Robert Schneider (25 February 1809, Dresden - 21 October 1885, Hamburg) was a German portrait painter who worked in Hamburg and Lübeck. He was one of the first portraitists in that area to move from the earlier Romanticised style to more nearly pictorial representations.

== Life and work ==
He was the son of a Court Counselor and studied at the Dresden Academy of Fine Arts with Heinrich Gotthold Arnold. In 1832, he made the acquaintance of the art historian, Carl Friedrich von Rumohr, who became his patron and convinced him to relocate to Northern Germany. Over the next decade, he visited Schleswig (1834), Plön (1835, 1837, 1841) and Kiel (1836, 1840). An extended study trip in 1842 took him to Italy, via Paris.

Most of his subjects were notable members of the Hanseatic bourgeoisie and merchant classes. Among his most familiar portraits is one of Helene Franziska Binder, daughter of the actor and director, Friedrich Ludwig Schmidt and wife of Nicolaus Binder, the Mayor of Hamburg. He was also a member of the Hamburger Künstlerverein.

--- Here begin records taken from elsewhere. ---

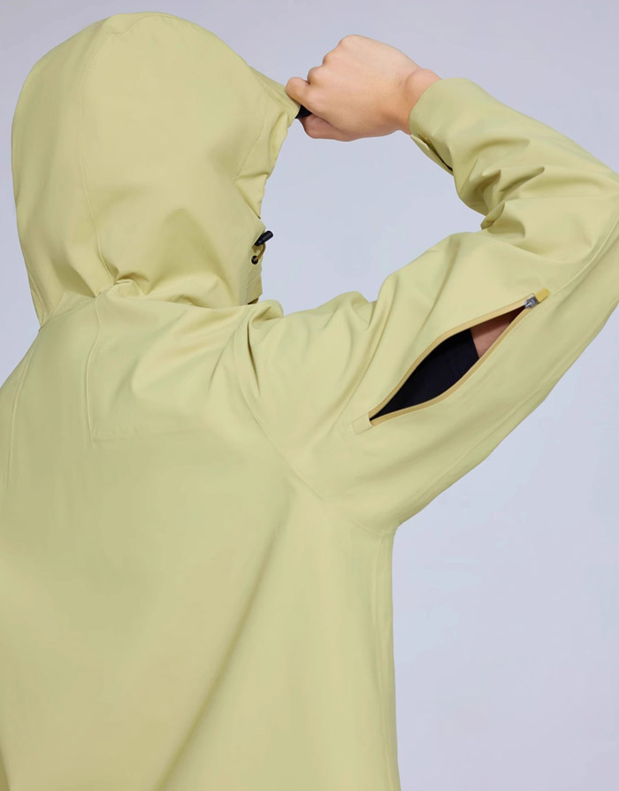 在设计美学与穿着体验上,雨壳2.0熊猫冲锋衣精准踩中当下的潮流审美,将机能风与无性别设计完美融合。微阔插肩袖的版型搭配符合人体曲线的正肩廓形,既打造出酷飒的机能风视觉效果,又让上身毫无束缚感,大幅度的户外运动也能舒展自如,无性别设计更是让男女皆能轻松驾驭,适配不同的身形与穿搭风格。细节处的巧思,更彰显出品牌的用心与质感:刺绣熊猫章 LOGO 精致立体,成为衣身的点睛之笔,既凸显品牌辨识度,又让整体设计更具趣味;品质拉链保障拉合顺畅不卡壳,兼顾实用性与耐用性;双侧拉链口袋,让户外小物件的收纳既便捷又安全,避免运动中物品掉落;可调节下摆卡扣则能根据需求自由收紧,进一步强化防风效果,让细节为户外体验加分。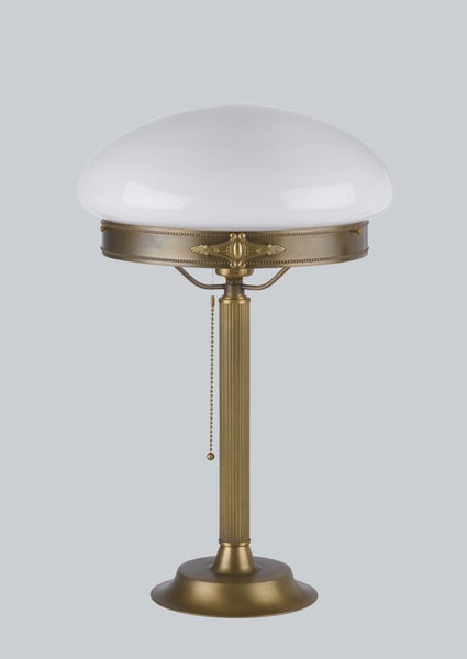 Tischleuchte mit Zugschalter 48 cm Messing Glas E27 Weiß Jugendstil Tischlampe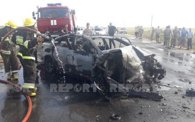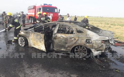 Belə ki, üç "Hyundai" markalı avtomaşın toqquşub. Hadisə zamanı avtomobillərdən biri Bakı sakini 44 yaşlı Qədirov Ceyhun Şakay oğluna məxsus nəqliyyat vasitəsi yanaraq külə dönüb və sürücü xəsarət alıb.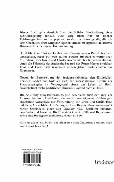 Der erste Buchteil, der Reisebericht einer Weltumsegelung 1999 bis 2011 basiert auf dem Logbuch der Segelyacht SUBEKI (https://subeki.de). Ihr Kurs führt via Karibik und Panama in den Pazifik bis nach Neuseeland. Nach gut zwei Jahren Südsee pur geht es weiter nach Australien. Über Inseln und Länder Asiens und des Indischen Ozeans, durch die Fährnisse der Arabische See und des Roten Meeres erreichen Boot und Crew nach insgesamt sieben Jahren wohlbehalten das Mittelmeer und nach weiteren fünf Jahren den Heimathafen. Der Reisebericht, aus der Feder von Sybille Uehr, beschreibt Menschen, Orte, Ereignisse und Gefühle, Pech und Glück, Erkenntnisse und Erfahrungen, Fehler, Lust und Last, kurzum sieben Jahre pralles Blauwasserleben. Neben der Beschreibung des Seefahrterlebnisses, den Eindrücken fremder Länder und Kulturen steht die supranationale Familie der Blauwassersegler im Vordergrund. Auch das Leben an Bord, einschließlich vieler praktischer Hinweise, kommt nicht zu kurz. Im zweiten Teil des Buches ergänzt Christian Uehr den Reisebericht für diejenigen, die mit der Idee spielen, eine Weltumsegelung oder eine Langfahrt in außereuropäische Gewässer zu unternehmen oder auch nur alles ganz genau wissen wollen. Er greift die Fragen auf, die sich die beiden vor dem Losfahren gestellt und Probleme oder Sachverhalte, mit denen sie sich während ihrer Reise auseinandergesetzt haben. Dabei reflektiert er die Ausrüstung des Bootes und warum sich diese im Laufe der Zeit verändert hat. Für den aufmerksamen Leser werden sich naturgemäß Überschneidungen mit dem Erlebnisteil ergeben. Diese sind gewollt. Sie unterstreichen die Wichtigkeit, die die Autoren einem Sachverhalt zu messen. Die Anleitung zum Blauwassersegeln beschreibt auch den Weg der Autoren bis zum Losfahren. Sie enthält aus eigenen Erfahrungen abgeleitete Vorschläge zur Vorbereitung von Crew und Schiff. Eine mögliche Ausrüstungsausstattung wird am Beispiel ihres modernen 12 Meter Segelboots, einer Sun Odyssey 42.2, detailliert erläutert, begründet und bewertet. Eine Übersicht über Ausfälle und Reparaturen sowie eine Passagenstatistik runden das Bild ab. Kurzum, die Autoren haben versucht, ein Buch zu machen, das sie gerne für ihre Vorbereitung gehabt hätten und das alle Segler, die von einer Weltumsegelung träumen, ermuntern soll. Alles in allem ein Buch, das nicht nur zum Träumen, sondern auch zum Handeln einlädt!

In 1928, a large number of his paintings were part of the exhibition "Hamburger Bildnisse" at the Staatliche Kunstsammlungen Dresden. A major retrospective of his work was included in "Hamburger Schule – Das 19. Jahrhundert neu entdeckt", in 2019 at the Hamburger Kunsthalle. His works may be seen at the Behnhaus in Lübeck and the Hamburger Kunsthalle.